======== Provided material

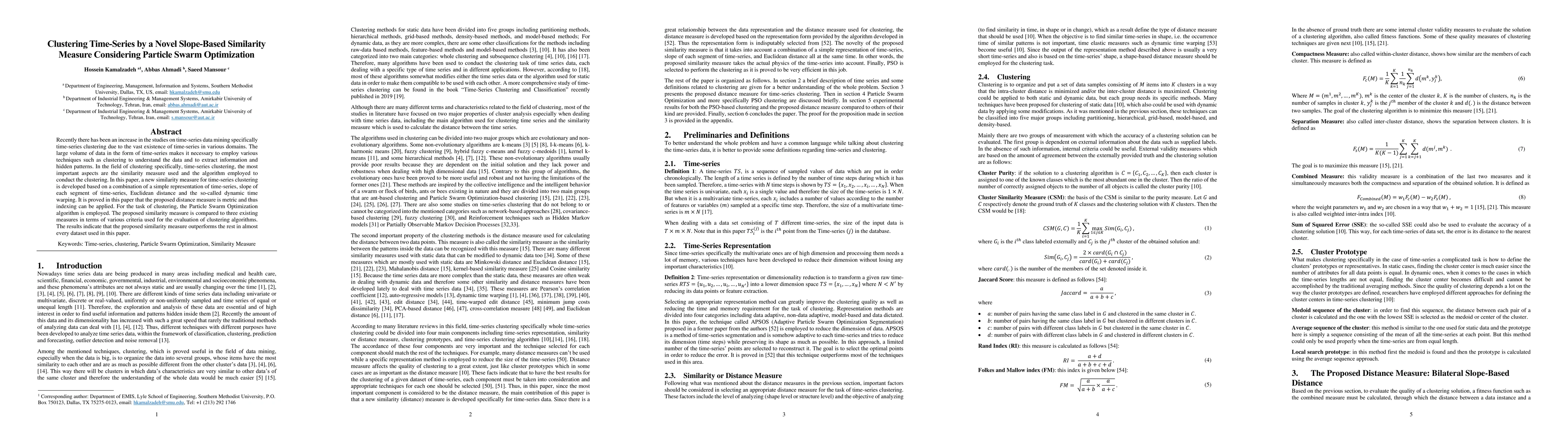 This paper introduces a novel slope-based similarity measure for time-series clustering, combining segment slopes, Euclidean distance, and dynamic time warping. It employs Particle Swarm Optimization for clustering and demonstrates superior performance over three existing measures in various datasets.
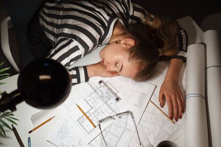 Close up of a business woman architect sleeping on her desk at the office, designing drafts
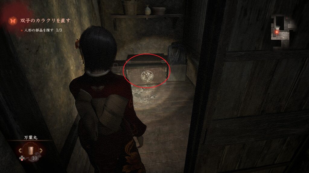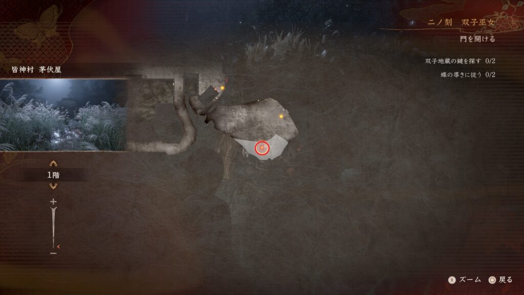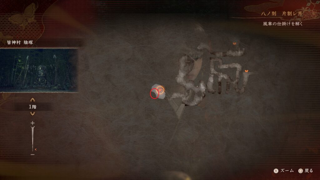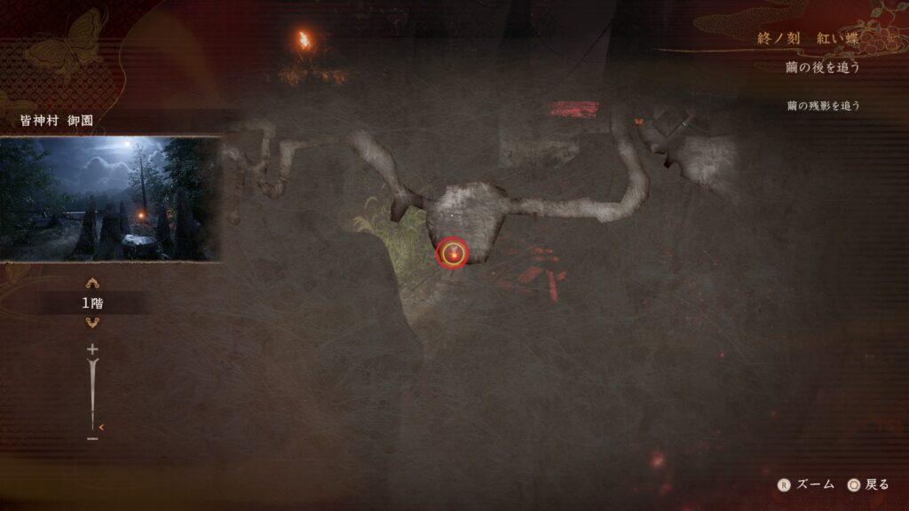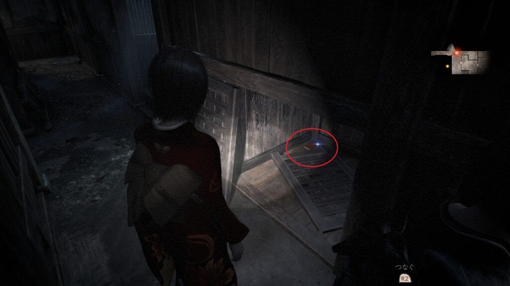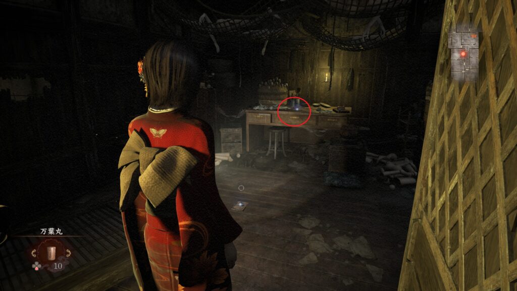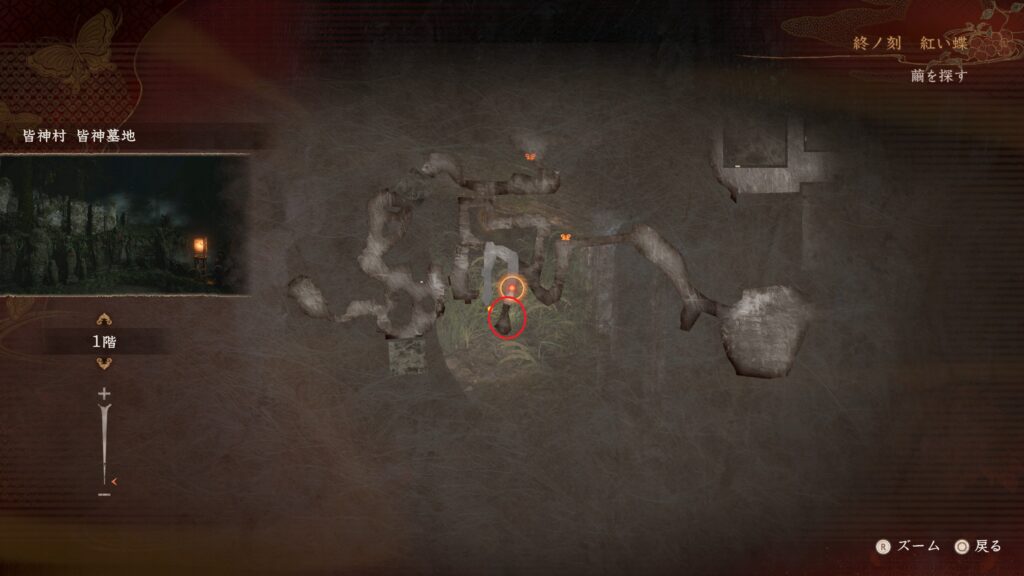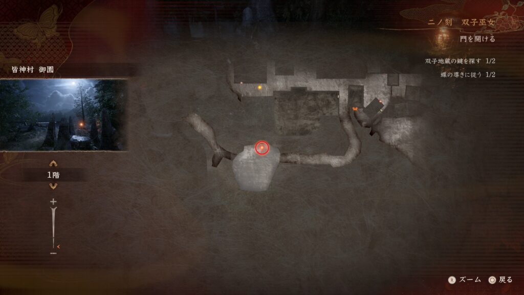 「子どもの書置き 六」を入手後子供の霊3体を撃破、画像の位置で呼び戻し
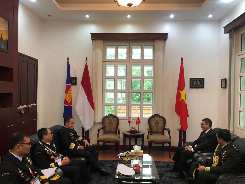 Courtesy call Kepala Bakamla RI Laksdya TNI Dr. Aan Kurnia dilaksanakan dalam kesempatan kegiatan Kepala Bakamla RI menghadiri undangan Vietnam Defence Expo 2022 di Hanoi dan pertemuan perdana Vietnam Coast Guard and Friends.
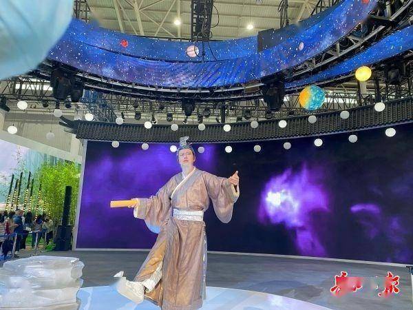在大美中国馆中心区域,巨大的曲面屏仿佛一幅流动的画卷,动态展示着我国壮丽山川与厚重人文。“华夏神州,星河璀璨。”现场演员融合周边科技装置,在声、光、影像、实体装饰物配合下,共同演绎屈原穿越千年与未来的航天员展开《天问》对话的情景,为观众打造入画式的观展感受。一颗颗大大小小的发光星球模型在头顶跃动,观众抬头仰望浩瀚宇宙,沐浴在璀璨银河之下,有一种“心向苍穹问”的气魄与浪漫。王铮说:“楚人屈原九问苍穹,上下求索,今天从这个充满想象力的情景剧中感受到跨越时空、游历古今的奇妙。”
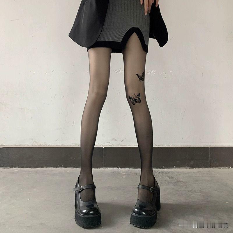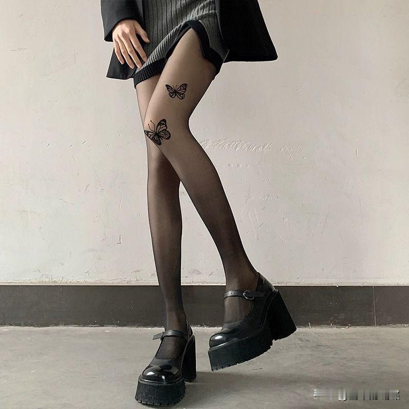 时尚蝴蝶纹身,黑丝袜与高跟鞋的完美搭配,尽显优雅与个性!
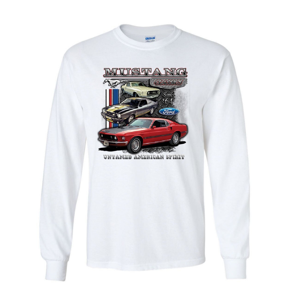 FORD MUSTANG CLASSICS long sleeve t-shirt muscle car untamed american spirit tee white
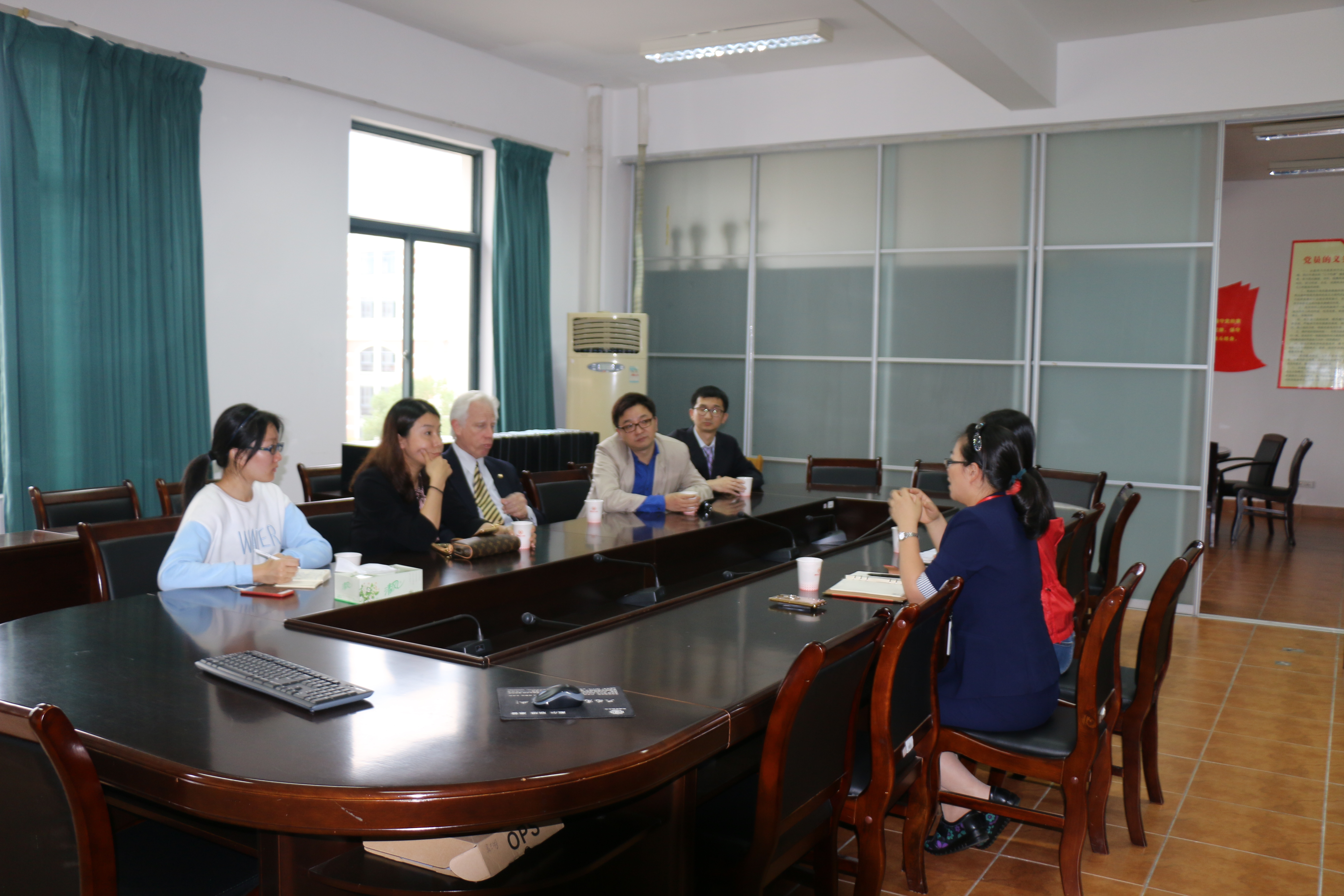 11月7日,美国麦当娜大学教务长兼学术副校长Lewis Walker先生一行来快猫 访问,副院长杨晔琴及教学办相关老师在7C306会议室接待了来访的客人。
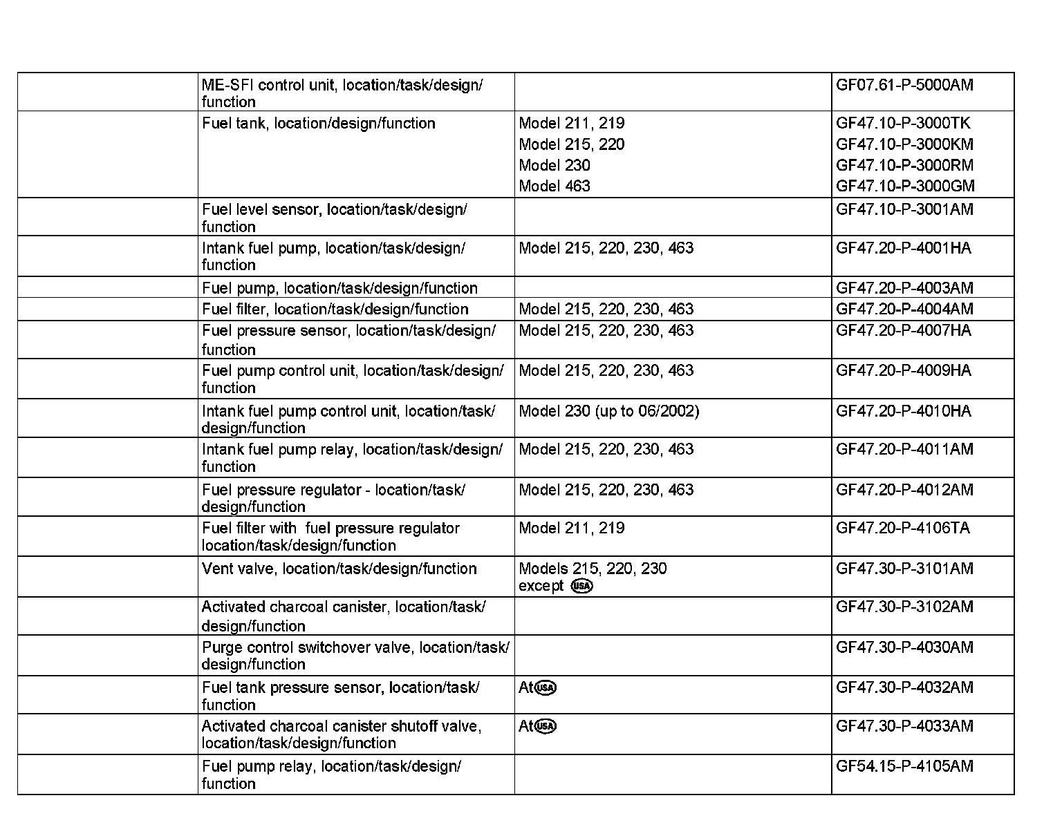 In case of model 230 up to 06/2002, the intank fuel pump is actuated via the intank fuel pump control unit (N118/1) from an engine speed of around 5000 rpm.

================

What this task involves ::
Every line from the one containing "在大美中国馆中心区域,巨大的" through the last line of the listing must be written out again exactly, and no other line. Leave the pictures aside.

Task answer ::
在大美中国馆中心区域,巨大的曲面屏仿佛一幅流动的画卷,动态展示着我国壮丽山川与厚重人文。“华夏神州,星河璀璨。”现场演员融合周边科技装置,在声、光、影像、实体装饰物配合下,共同演绎屈原穿越千年与未来的航天员展开《天问》对话的情景,为观众打造入画式的观展感受。一颗颗大大小小的发光星球模型在头顶跃动,观众抬头仰望浩瀚宇宙,沐浴在璀璨银河之下,有一种“心向苍穹问”的气魄与浪漫。王铮说:“楚人屈原九问苍穹,上下求索,今天从这个充满想象力的情景剧中感受到跨越时空、游历古今的奇妙。”
 时尚蝴蝶纹身,黑丝袜与高跟鞋的完美搭配,尽显优雅与个性!
 FORD MUSTANG CLASSICS long sleeve t-shirt muscle car untamed american spirit tee white
 11月7日,美国麦当娜大学教务长兼学术副校长Lewis Walker先生一行来快猫 访问,副院长杨晔琴及教学办相关老师在7C306会议室接待了来访的客人。
 In case of model 230 up to 06/2002, the intank fuel pump is actuated via the intank fuel pump control unit (N118/1) from an engine speed of around 5000 rpm.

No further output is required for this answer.